= Beginning of Section =

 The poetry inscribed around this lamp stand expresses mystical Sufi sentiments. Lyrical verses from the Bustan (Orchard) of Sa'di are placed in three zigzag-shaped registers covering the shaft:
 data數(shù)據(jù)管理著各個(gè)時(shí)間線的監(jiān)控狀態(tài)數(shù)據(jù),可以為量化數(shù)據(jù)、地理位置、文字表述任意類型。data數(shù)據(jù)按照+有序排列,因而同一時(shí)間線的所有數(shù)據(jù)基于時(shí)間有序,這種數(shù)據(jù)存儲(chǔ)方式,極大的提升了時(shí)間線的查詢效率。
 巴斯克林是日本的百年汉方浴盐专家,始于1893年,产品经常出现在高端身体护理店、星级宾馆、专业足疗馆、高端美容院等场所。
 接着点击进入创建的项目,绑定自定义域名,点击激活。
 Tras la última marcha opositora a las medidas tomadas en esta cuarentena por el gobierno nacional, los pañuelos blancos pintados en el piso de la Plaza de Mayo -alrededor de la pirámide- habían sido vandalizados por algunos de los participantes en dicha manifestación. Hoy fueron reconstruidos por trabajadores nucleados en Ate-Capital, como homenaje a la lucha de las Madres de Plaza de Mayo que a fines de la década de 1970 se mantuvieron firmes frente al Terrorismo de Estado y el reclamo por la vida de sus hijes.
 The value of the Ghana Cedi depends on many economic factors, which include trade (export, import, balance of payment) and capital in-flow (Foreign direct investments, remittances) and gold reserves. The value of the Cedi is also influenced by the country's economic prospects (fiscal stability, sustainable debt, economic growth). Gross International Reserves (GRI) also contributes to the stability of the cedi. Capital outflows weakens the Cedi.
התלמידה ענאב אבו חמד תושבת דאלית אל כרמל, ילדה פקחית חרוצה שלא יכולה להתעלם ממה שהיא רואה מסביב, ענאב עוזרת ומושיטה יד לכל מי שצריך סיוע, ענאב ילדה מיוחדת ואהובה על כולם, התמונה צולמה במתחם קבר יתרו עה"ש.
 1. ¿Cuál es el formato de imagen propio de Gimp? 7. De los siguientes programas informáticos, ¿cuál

= End of Section =

▸ **Aim of the exercise**
What is needed is a verbatim copy of every line in the records above from the one containing "data數(shù)據(jù)管理著各個" down to the one containing "接着点击进入创建的项目,绑定自定义域名,点击激活。", both included, and nothing more.

▸ **Task output**
 data數(shù)據(jù)管理著各個(gè)時(shí)間線的監(jiān)控狀態(tài)數(shù)據(jù),可以為量化數(shù)據(jù)、地理位置、文字表述任意類型。data數(shù)據(jù)按照+有序排列,因而同一時(shí)間線的所有數(shù)據(jù)基于時(shí)間有序,這種數(shù)據(jù)存儲(chǔ)方式,極大的提升了時(shí)間線的查詢效率。
 巴斯克林是日本的百年汉方浴盐专家,始于1893年,产品经常出现在高端身体护理店、星级宾馆、专业足疗馆、高端美容院等场所。
 接着点击进入创建的项目,绑定自定义域名,点击激活。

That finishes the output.